[[ DATA PROVIDED open ]]

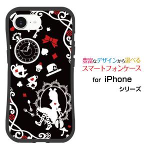 スマホケース iPhone 16e アイフォン シックスティーンイー 耐衝撃 ハイブリッドケース ストラップホール付 鏡の国のアリス ブラック
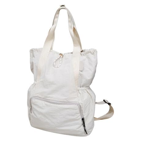 【カンタン仕分け上手】メインルームが上下に分かれて整頓上手♪変身する軽量巾着バッグが「TakeMe」から発売。【スタイルで選べる使い方】トートにもリュックにもなる2WAY仕様で通勤も休日も快適♪【軽量設計】長時間持ち歩いても疲れない◎【巾着タイプ】バッグの上部は巾着のように絞れるタイプで調節もラクラク。【保冷機能で安心携帯】サイドポケットは保冷生地使用でドリンクをほどよくキープ〇【上下で分ける収納力】ファスナーで上下に分けられる2スペース構造。仕切りを外して使う場合はA4がしっかり入るサイズ感。【下部へつながる便利さ】バッグ下部につながるポケットで荷物の出し入れがスムーズ〇【すっきり収まる工夫】ショルダーベルトを背面ポケットにしまえて邪魔にならない。【雨の日でも安心】撥水加工なので突然の雨でも中身をしっかりガード!【おしゃれな革タグ】革のロゴタグがシンプルなデザインに品のあるアクセント!
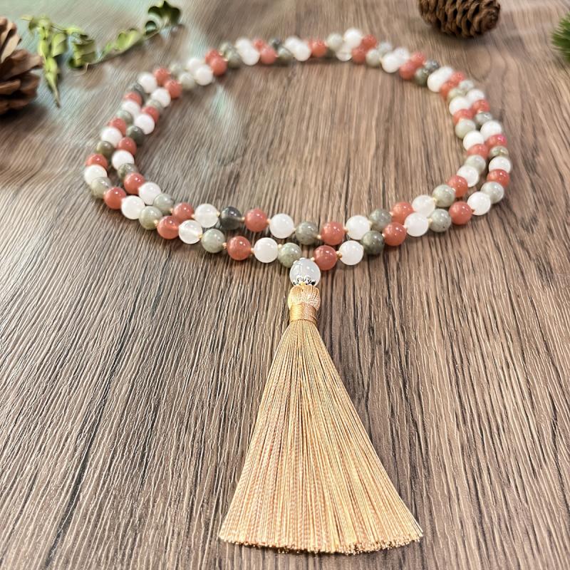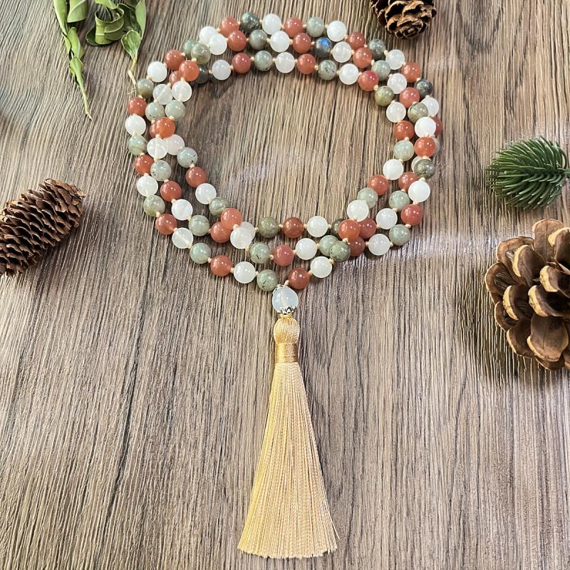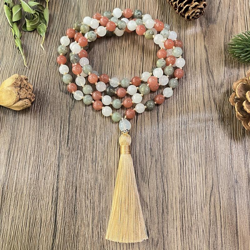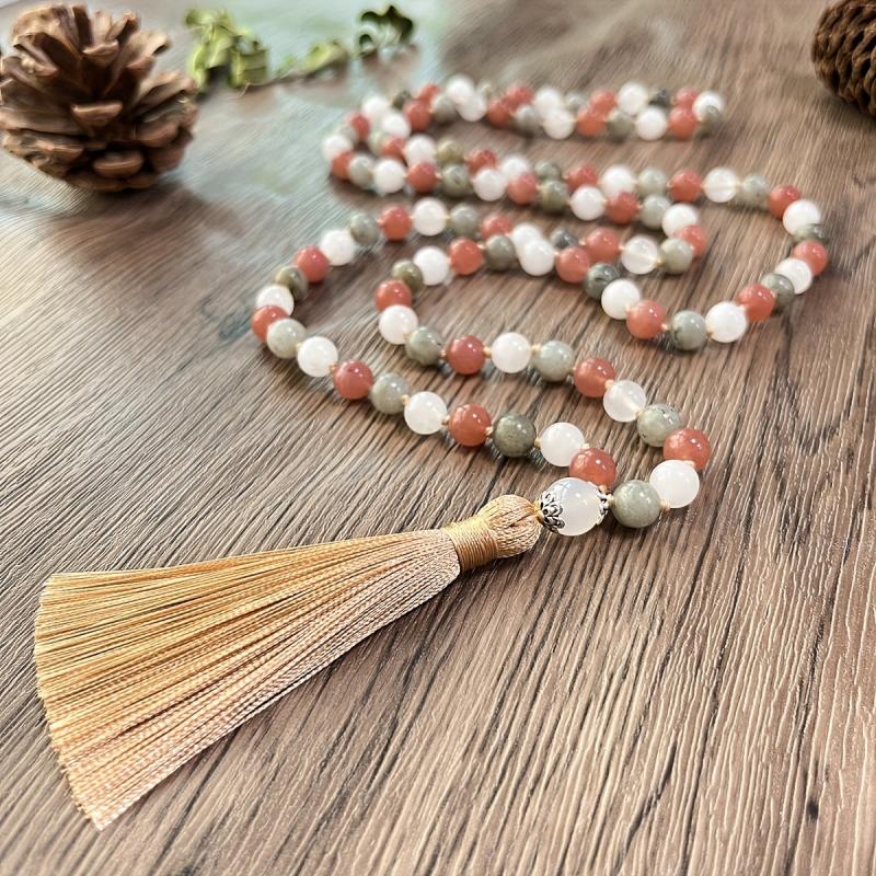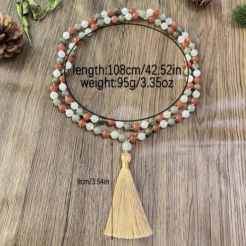 Add a touch of vintage-inspired charm to your daily look with this hand-woven natural stone rosary necklace featuring a tassel pendant. The bohemian style adds a unique texture to your outfit.

[[ DATA PROVIDED closed ]]

→ EXERCISE BRIEF:
Would you copy out the data exactly, leaving every picture out?

→ COMPLETED EXERCISE:
 スマホケース iPhone 16e アイフォン シックスティーンイー 耐衝撃 ハイブリッドケース ストラップホール付 鏡の国のアリス ブラック
 【カンタン仕分け上手】メインルームが上下に分かれて整頓上手♪変身する軽量巾着バッグが「TakeMe」から発売。【スタイルで選べる使い方】トートにもリュックにもなる2WAY仕様で通勤も休日も快適♪【軽量設計】長時間持ち歩いても疲れない◎【巾着タイプ】バッグの上部は巾着のように絞れるタイプで調節もラクラク。【保冷機能で安心携帯】サイドポケットは保冷生地使用でドリンクをほどよくキープ〇【上下で分ける収納力】ファスナーで上下に分けられる2スペース構造。仕切りを外して使う場合はA4がしっかり入るサイズ感。【下部へつながる便利さ】バッグ下部につながるポケットで荷物の出し入れがスムーズ〇【すっきり収まる工夫】ショルダーベルトを背面ポケットにしまえて邪魔にならない。【雨の日でも安心】撥水加工なので突然の雨でも中身をしっかりガード!【おしゃれな革タグ】革のロゴタグがシンプルなデザインに品のあるアクセント!
 Add a touch of vintage-inspired charm to your daily look with this hand-woven natural stone rosary necklace featuring a tassel pendant. The bohemian style adds a unique texture to your outfit.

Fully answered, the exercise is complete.